JaJuan Smith sported the motivating message “No. 1 seed” on his sneakers for a second straight game for a Vols team that felt they were worthy. Tennessee survived the tournament’s opening weekend for the second straight year and avoided another 2-seed flop. The Vols had fallen in the second round as a No. 2 seed in 2006, the only other time they were seeded as high.
Wayne Chism led foul-plagued Tennessee with 16 points, while Tyler Smith added 15 and eight rebounds and JaJuan Smith had 11.
The Vols led by 13 in the first half and 10 early in the second, but Butler kept coming back.
The Bulldogs, who couldn’t catch up to Tennessee for the first 37-plus minutes, took their first lead on Graves’ short jumper in the paint to make it 68-66 with 1:46 left in overtime.
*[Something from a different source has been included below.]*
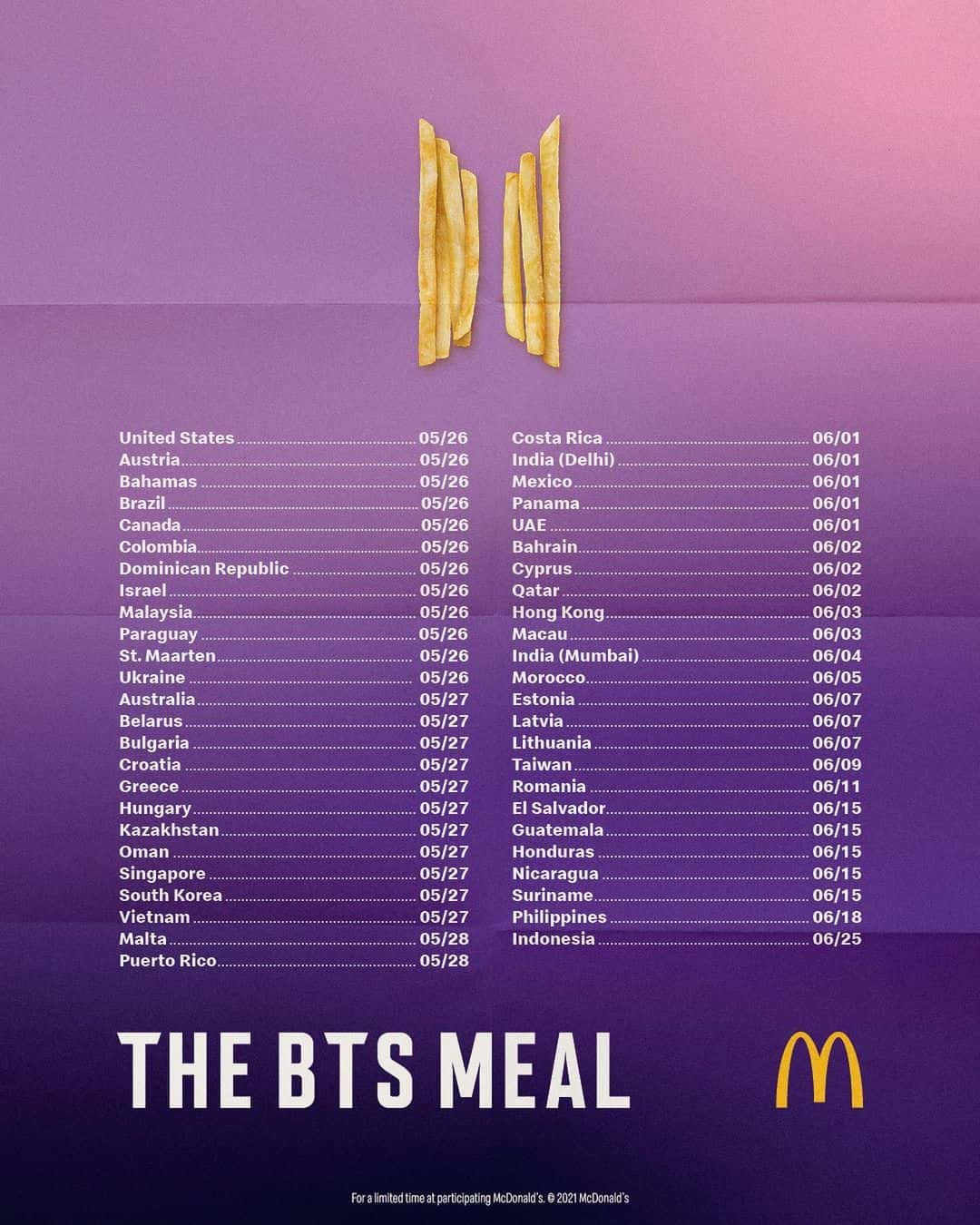 BTS Meal will be available in the US from May 26 and in BTS' home country South Korea, the meal will go on sale on May 27. Among other countries, BTS Meal will be available in Canada, Brazil, Austria, Bahamas and Colombia on the same day as the US, and in countries such as India (Mumbai), Australia, Singapore and Greece, the meal will be available from May 27 to June. Check the list of all the countries that the meal will be available below.

Ramar Smith and Chism both scored inside to retake the lead inside the final minute.
Tyler Smith blocked Graves from behind and Chism won the scramble for the loose ball and called timeout with 33 seconds left. Smith was thankful the referees didn’t call goaltending.
“I was so happy they gave it to me,” he said. “I don’t know if I caught it on the way up or the way down.”
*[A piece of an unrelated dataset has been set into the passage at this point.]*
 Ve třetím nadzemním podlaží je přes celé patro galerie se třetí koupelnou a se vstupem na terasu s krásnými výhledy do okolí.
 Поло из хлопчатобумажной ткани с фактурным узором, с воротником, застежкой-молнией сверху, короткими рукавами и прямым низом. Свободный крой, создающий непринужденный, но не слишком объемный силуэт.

Ramar Smith then scored, coming up with a big play after losing his starting job to J.P. Prince, an Arizona transfer who made his first start for Tennessee.
“I came in and backed my teammates up,” Ramar Smith said. “I came out and played my heart out for my teammates.”
Prince had nine points, seven rebounds, five assists—and six of the Vols’ 20 turnovers.
Graves led Butler with 21 points on just 6-of-18 shooting. Pete Campbell, who made eight 3s in the first round, added 12 points and Willie Veasley had 11.
Regulation ended in anticlimactic fashion.
Veasley pushed the ball back in the basket off a missed shot to make it 63-all with 37 seconds left, then Tennessee pushed it across midcourt and called timeout.
Prince was called for traveling against defender Drew Streicher with 4 seconds left, and Green caught the inbounds pass on the run but couldn’t get off a decent shot.
The Vols tried to set the tone early, sinking three 3-pointers and forcing five turnovers in the first five minutes on their way to a 21-8 lead.
“We sent a message right off the bat that we were going to represent the SEC,” Pearl said. “I thought we showed a tremendous determination to advance.”
Butler, winner of 59 games the past two seasons, hardly panicked. After all they rallied to beat Tennessee in the regular season last year after trailing, coincidentally, 21-8.
“I’ll tell you this about our team: We haven’t been out of a game in a long time,” Stevens said. “When you think about what this team has accomplished in the last two years, it’s absolutely incredible.”